I sort of stumbled upon digital publishing in my search for the right home for Lost Souls. I received some very helpful feedback from Allen &Unwin on initial drafts of the manuscript (who decided it was just not quite right for them) and pitched it to a few other publishers before sending it to Harlequin Escape. They have an amazingly knowledgeable and supportive team of editors and publishers and the whole process was so enjoyable. I also think that young people these days are reading more on their electronic devices, and traditional print media is changing rapidly because of this. So I decided this might be the best way to proceed with Lost Souls. Plus, you can have a worldwide release on the same day. I find it very exciting to think that someone in Ulan Bator might be reading Lost Souls right now.

Could you tell me a bit more on what you think about affirmative action in media?

I’m not sure I can answer this question in the space of a newspaper column! My PhD research looked at identity representations, and I believe that the Australian media could do better in showing more non-Anglo faces on screen. Why is it relegated to SBS? As far as affirmative action goes, that’s more a question for the pollies and decision makers. But I would love to see Lost Souls on TV here, and that could be one way to get more Indian faces on mainstream Australian media?

Can you tell us a bit of the work you have done around domestic violence.

I joined a very dedicated team of people in the ACHRH a few years ago, when I was looking for a way to contribute to the Indian community in Melbourne, particularly in addressing the issues that affect migrant Indian women in Australia. I have been away from this work for over a year, while I was on maternity leave, but plan on returning 110 per cent in the next few months. I think we need to build an awareness about the issue within our community first and then the broader Australian community.
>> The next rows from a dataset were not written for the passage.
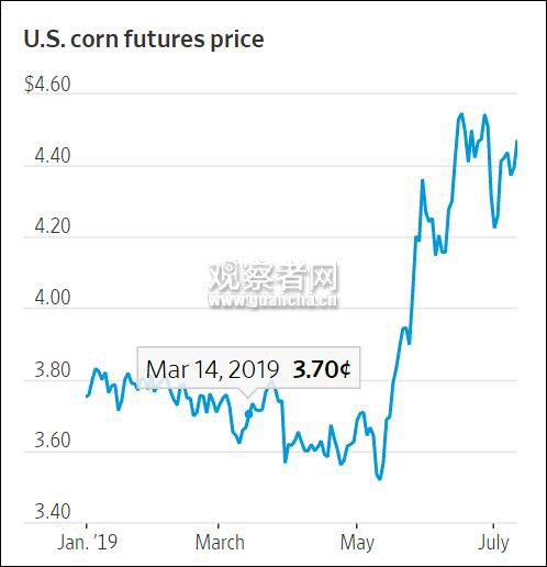 瘋狂囤貨導致市面玉米存在供給失衡風險,芝加哥期貨交易所(CBOT)玉米期貨今年一路走高,近三月來暴漲22%。
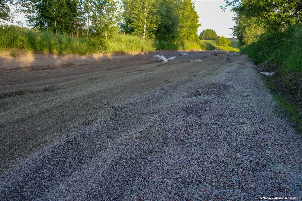 Переработанным пластиком отсыпали примерно 200 метров дороги у поселка Заварзино в пригороде Томска. Дорога сильно разбита, и сразу, как заканчивается отсыпанная часть, появляются глубокие ямы и широкая колея.
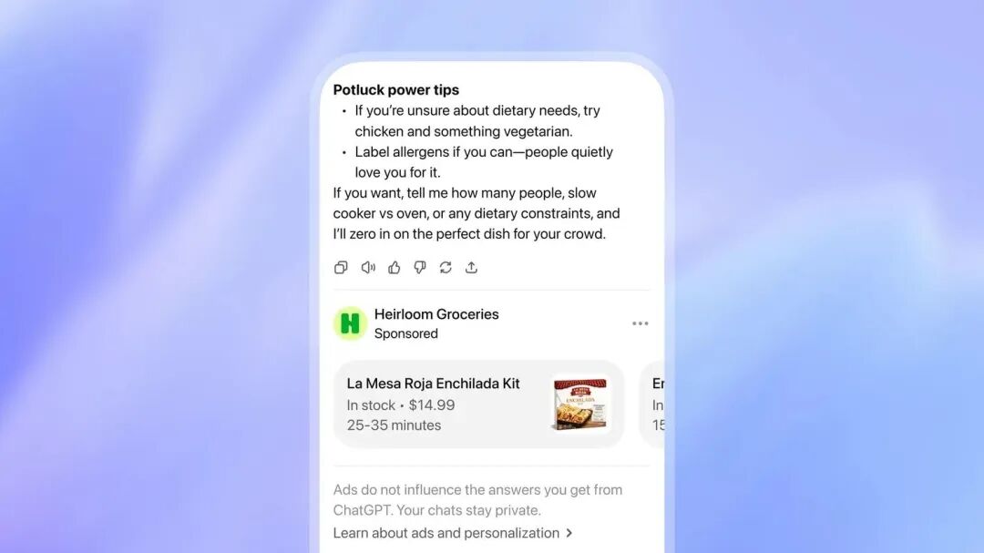 很多人以为,OpenAI做广告就是把传统平台的广告搬到聊天框里。事实恰恰相反,它从一开始就跳出了旧框架,走出一套完全不同的玩法。
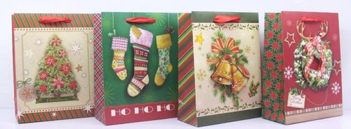 Torebka Świąteczna 3D Pionowa Mała 12 Sztuk mix wzorów 17,5X23,5X8
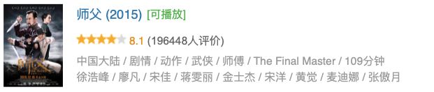 《师父》是徐浩峰第一部在内地公映的电影,也是2015 年口碑最好的电影之一,豆瓣电影评分8.1分。

There needs to be a research ‘think-tank’ that provides the facts and figures and social analysis needed to support the campaigns and get people comfortable about talking on this very sensitive and complex issue.

How easy or hard is it to make it in Australia as an Indian-English writer?

I wouldn’t say it is ‘easy’, but if you have a good narrative and characters, that’s half the battle! In my experience, my publishers have been very supportive about ‘ethnic’ writing, but again I think the publishing industry in general could do better. We need to hear more voices from the Indian community, so to any budding Indian-English writers out there, I would say, just write what you know, from the heart! It’s the only way to enjoy this craft, and to connect with readers. That’s what it’s ultimately about isn’t it?